Please repeat the listing below exactly, but do not include its pictures.

##### The data #####

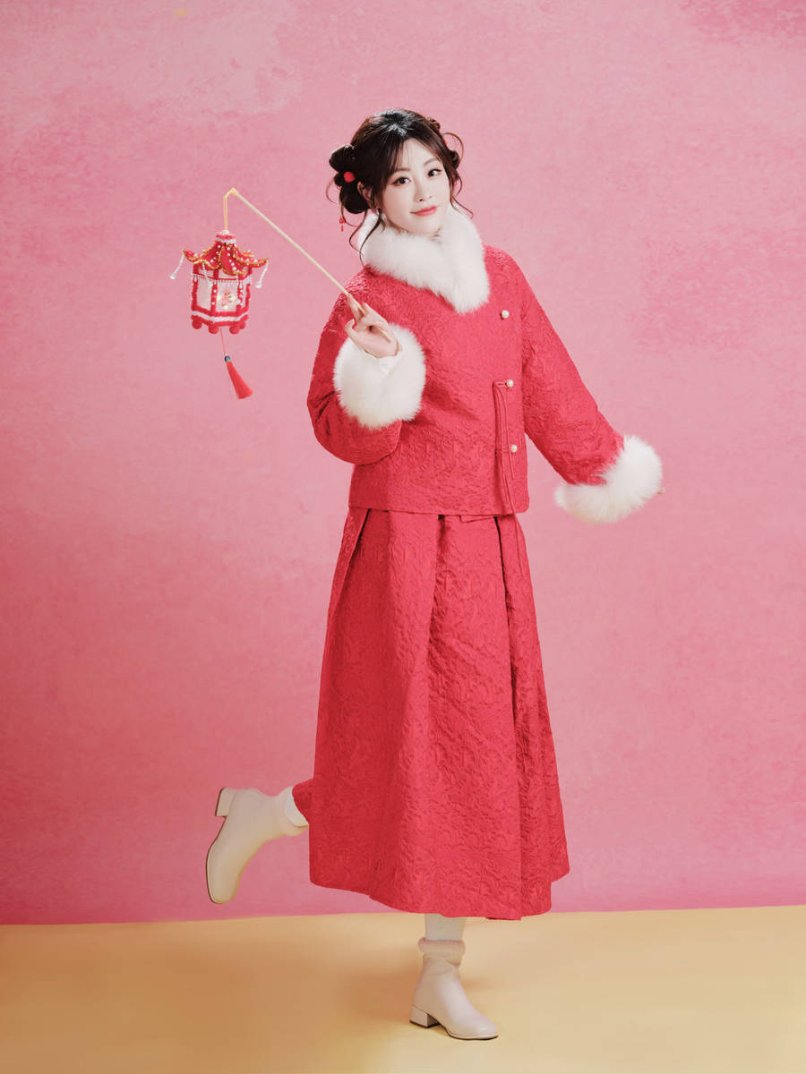 祝绪丹的眉眼自带灵气,柳叶眉纤细柔和,眼眸清澈明亮,笑起来时眼尾微微上扬,露出浅浅的梨涡,温柔中带着几分俏皮。灯光下,她的肌肤细腻通透,透着自然的红晕,与手中红灯笼的红火相互映衬,更添几分新春的暖意。无论是低头凝视灯笼的温柔模样,还是抬眸浅笑的灵动瞬间,都极具感染力,仿佛能将这份新春的喜悦传递给每一个看到的人。
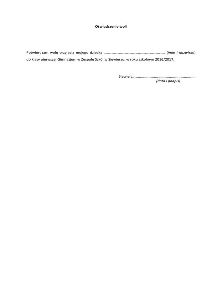 Oświadczenie woli Potwierdzam wolę przyjęcia mojego dziecka …………………………………..…………….………….. (imię i nazwisko) do klasy pierwszej Gimnazjum w Zespole Szkół w Siewierzu, w roku szkolnym 2016/2017. Siewierz, ….............................................................. (data i podpis)
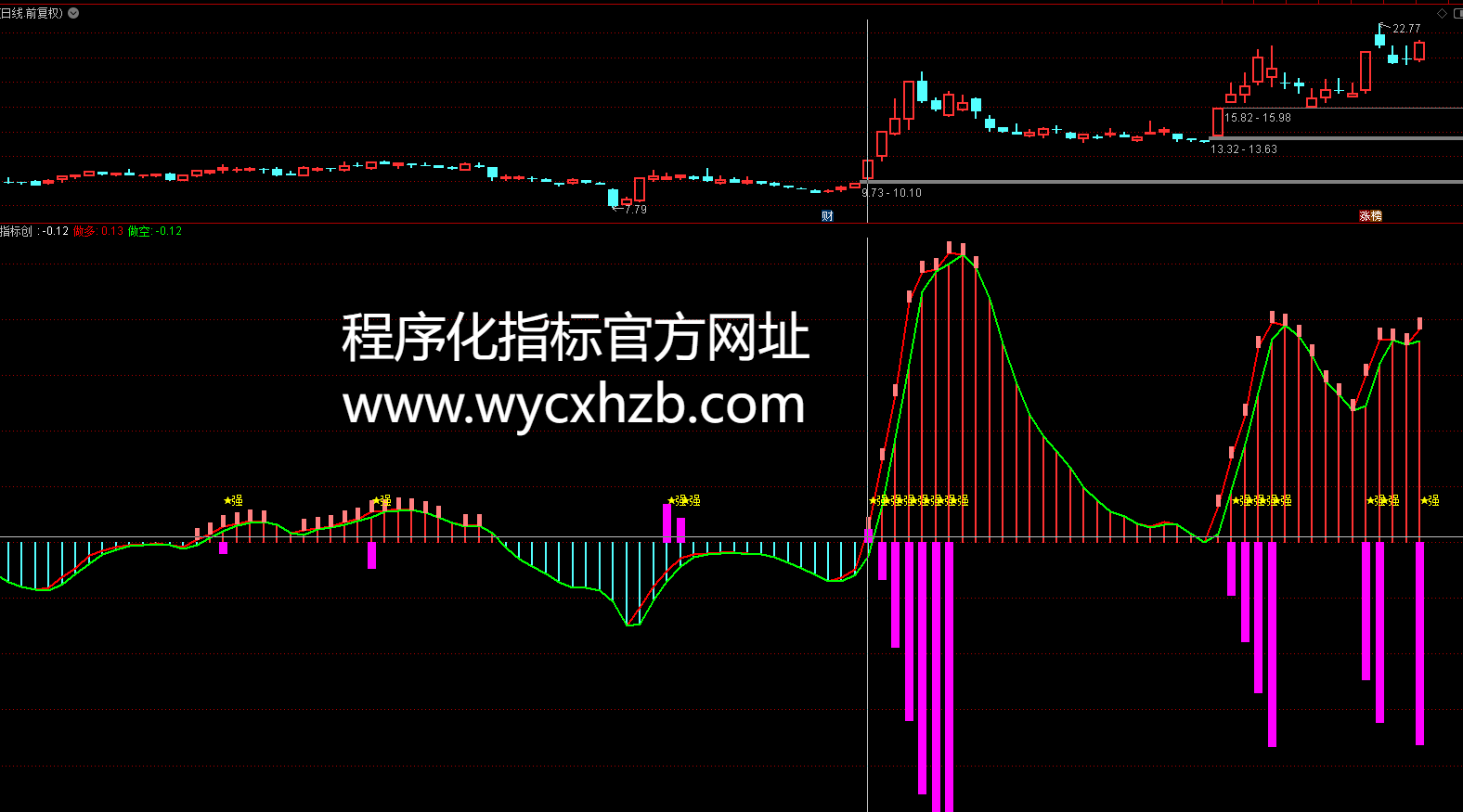 强势:STICKLINE(HG>5 AND DIFF>DEA AND C>=EMA(C,5) AND A1-B1>0,0,-做空,2,0 ),COLORMAGENTA;

#####

> [Result]
 祝绪丹的眉眼自带灵气,柳叶眉纤细柔和,眼眸清澈明亮,笑起来时眼尾微微上扬,露出浅浅的梨涡,温柔中带着几分俏皮。灯光下,她的肌肤细腻通透,透着自然的红晕,与手中红灯笼的红火相互映衬,更添几分新春的暖意。无论是低头凝视灯笼的温柔模样,还是抬眸浅笑的灵动瞬间,都极具感染力,仿佛能将这份新春的喜悦传递给每一个看到的人。
 Oświadczenie woli Potwierdzam wolę przyjęcia mojego dziecka …………………………………..…………….………….. (imię i nazwisko) do klasy pierwszej Gimnazjum w Zespole Szkół w Siewierzu, w roku szkolnym 2016/2017. Siewierz, ….............................................................. (data i podpis)
 强势:STICKLINE(HG>5 AND DIFF>DEA AND C>=EMA(C,5) AND A1-B1>0,0,-做空,2,0 ),COLORMAGENTA;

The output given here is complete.